◆ Aim of the task
For this exercise, repeat exactly the lines below starting at the line holding "1915 Velvet Joe" and ending at the line holding "Factory Price p", both included, with no extra lines and no pictures.

◆ Material for this exercise
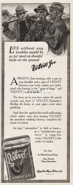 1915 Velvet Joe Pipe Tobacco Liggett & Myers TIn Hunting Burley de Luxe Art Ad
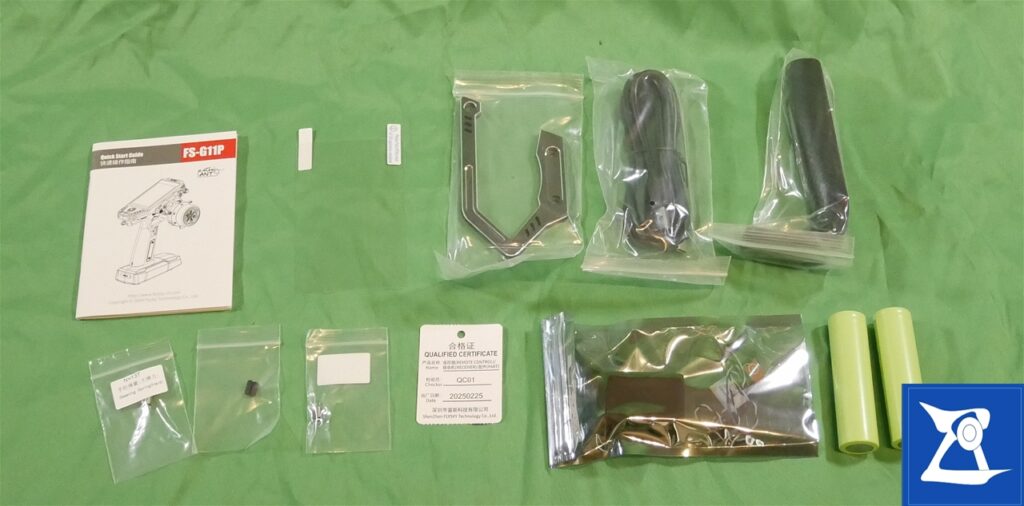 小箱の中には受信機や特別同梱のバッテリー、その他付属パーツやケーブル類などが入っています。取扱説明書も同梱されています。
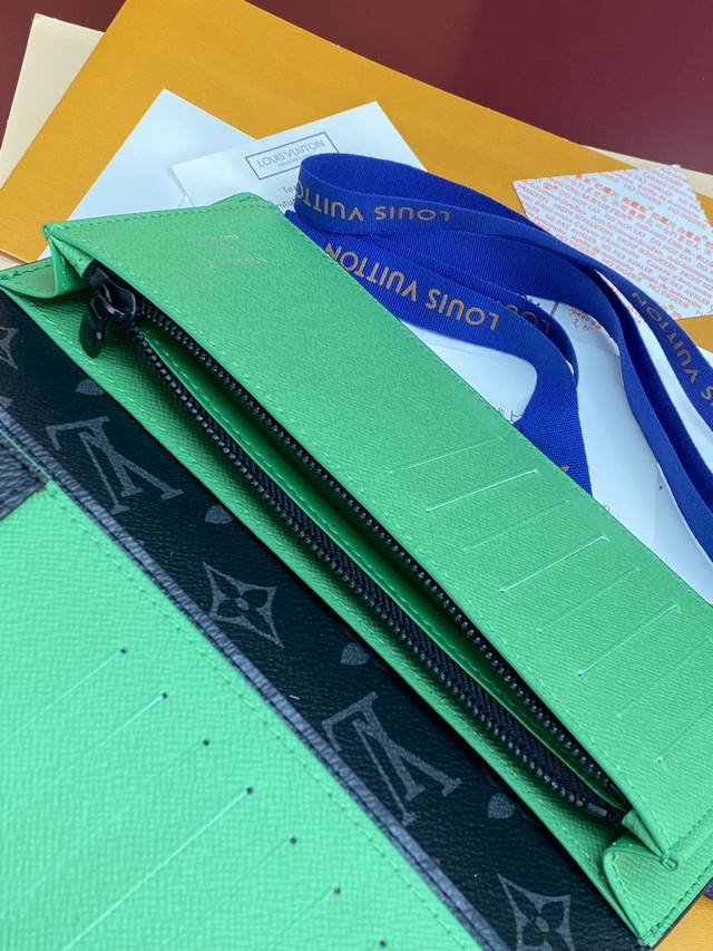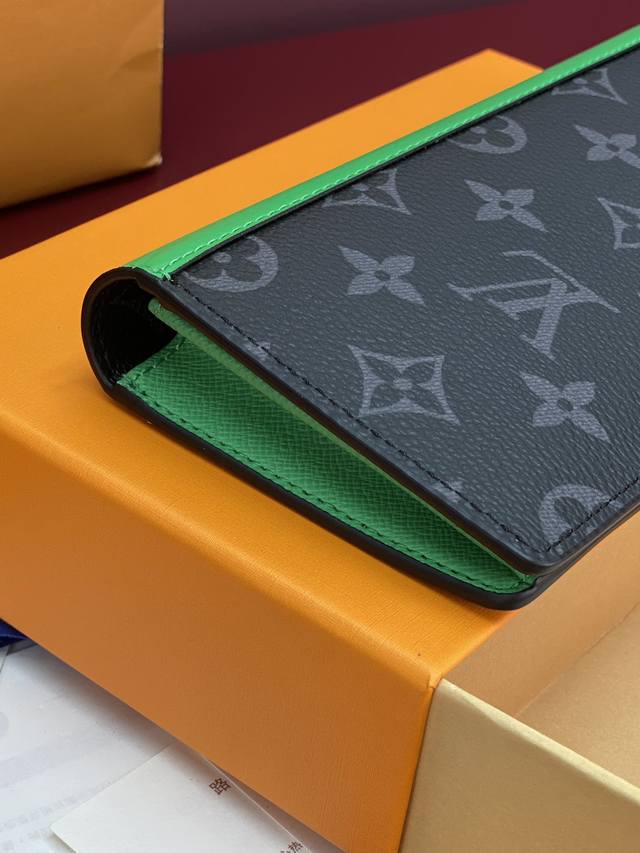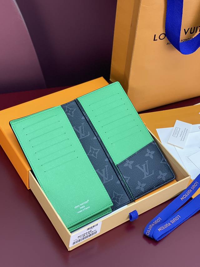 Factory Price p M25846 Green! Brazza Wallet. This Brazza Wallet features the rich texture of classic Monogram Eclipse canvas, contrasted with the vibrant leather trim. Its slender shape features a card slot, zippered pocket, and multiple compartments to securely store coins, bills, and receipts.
--
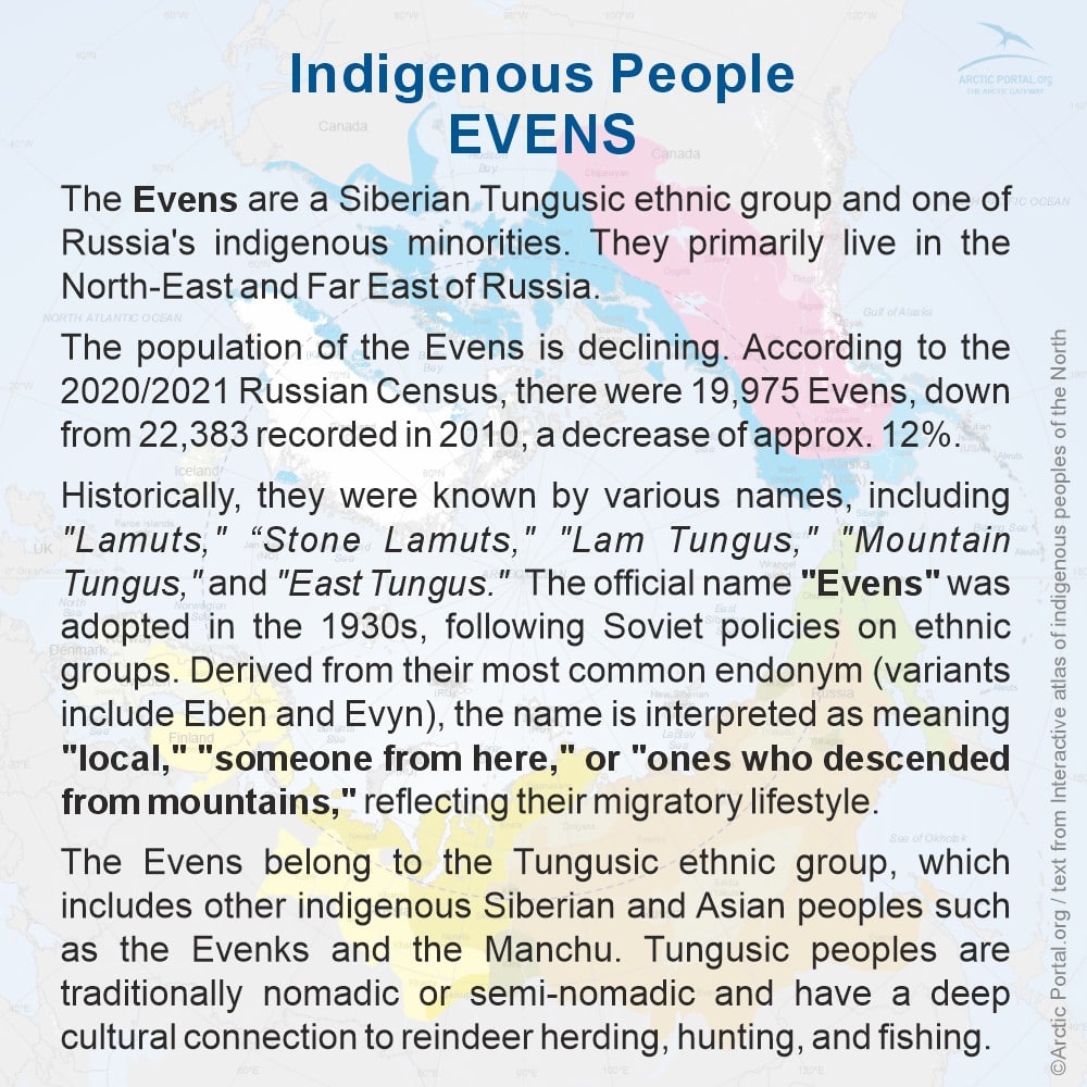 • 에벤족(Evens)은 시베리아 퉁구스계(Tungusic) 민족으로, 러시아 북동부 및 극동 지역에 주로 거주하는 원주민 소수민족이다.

◆ Result of the exercise
 1915 Velvet Joe Pipe Tobacco Liggett & Myers TIn Hunting Burley de Luxe Art Ad
 小箱の中には受信機や特別同梱のバッテリー、その他付属パーツやケーブル類などが入っています。取扱説明書も同梱されています。
 Factory Price p M25846 Green! Brazza Wallet. This Brazza Wallet features the rich texture of classic Monogram Eclipse canvas, contrasted with the vibrant leather trim. Its slender shape features a card slot, zippered pocket, and multiple compartments to securely store coins, bills, and receipts.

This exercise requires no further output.